Или вот другой рассказ, более "научный", или, может быть, выразиться так - более интеллектуальный: "Молись!… Мы ещё сможем…".

Внутри рассказа сюжет разбит как бы на две части, где первая - историческая. Повествуется в ней о жизни и скитаниях в дивный Царь-град "Божьего человека" Елизария, где он в конце своего земного срока принял постриг и основал скит, возле которого после его смерти "хлопотами богомольцев вознёсся монастырь по имени Елизария".

В этом монастыре подвизался дивный старец Филофей, который в 1524 году писал: "…Все христианские царства пришли к концу и сошлись в едином царстве нашего государя, согласно пророческим книгам, и это - российское царство: ибо два Рима пали, а Третий стоит, а Четвёртому не бывать…".

Но вот действие переносится в наши дни.
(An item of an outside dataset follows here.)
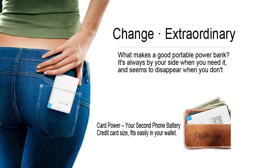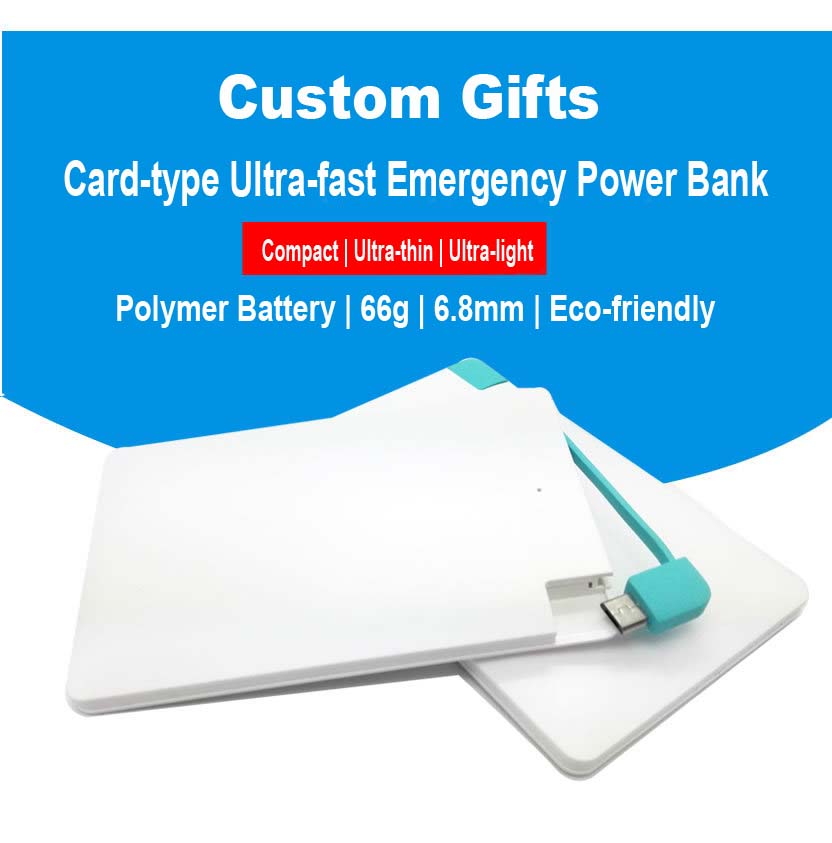 Card Power Bank 4000mAh, Business Card Portable Charger 2500mAh, Double-Sided Custom Logo & Pattern Printable

Герой рассказа (а теперь повествование идет уже от первого лица) приезжает во Псков и посещает развалины рухнувшей в 1989 году колокольни Елизарьевского монастыря. Разговаривает с дедом о случившемся и обо всём прочем, происходящем как вокруг святыни, так и вообще в стране.

В итоге же вся эта сложная и напряженная духовная работа заставляет героя иначе взглянуть на действительность, на свою прожитую жизнь, пережить глубокое духовное очищение. Ведь речь идёт о спасении, о вере, о чуде для его любимой Родины - России.


* * *

Надо сказать, что когда после нашего состоявшегося знакомства я приезжал в столицу, то Шестинские, зимой обычно живущие в московской квартире, на время передавали в моё полное распоряжение свою переделкинскую дачу, где на втором этаже в кабинете Олега Николаевича мне был определён ночлег. Днём я занимался делами в столице, а вечером с Киевского вокзала уезжал в Переделкино. Там шёл пешком до улицы Павленко. Свернув на неё от Дома творчества, продвигался тихой, затаившейся улицей, у которой с одной стороны вольным бело-голубым цветом разлилось заснеженное поле, а с другой - стояла дача, в которой некогда жил Владимир Солоухин. Зимой этот участок улицы безлюден. Снег вокруг дач глубок и не потревожен. Могучие ели стоят, опушенные снегом.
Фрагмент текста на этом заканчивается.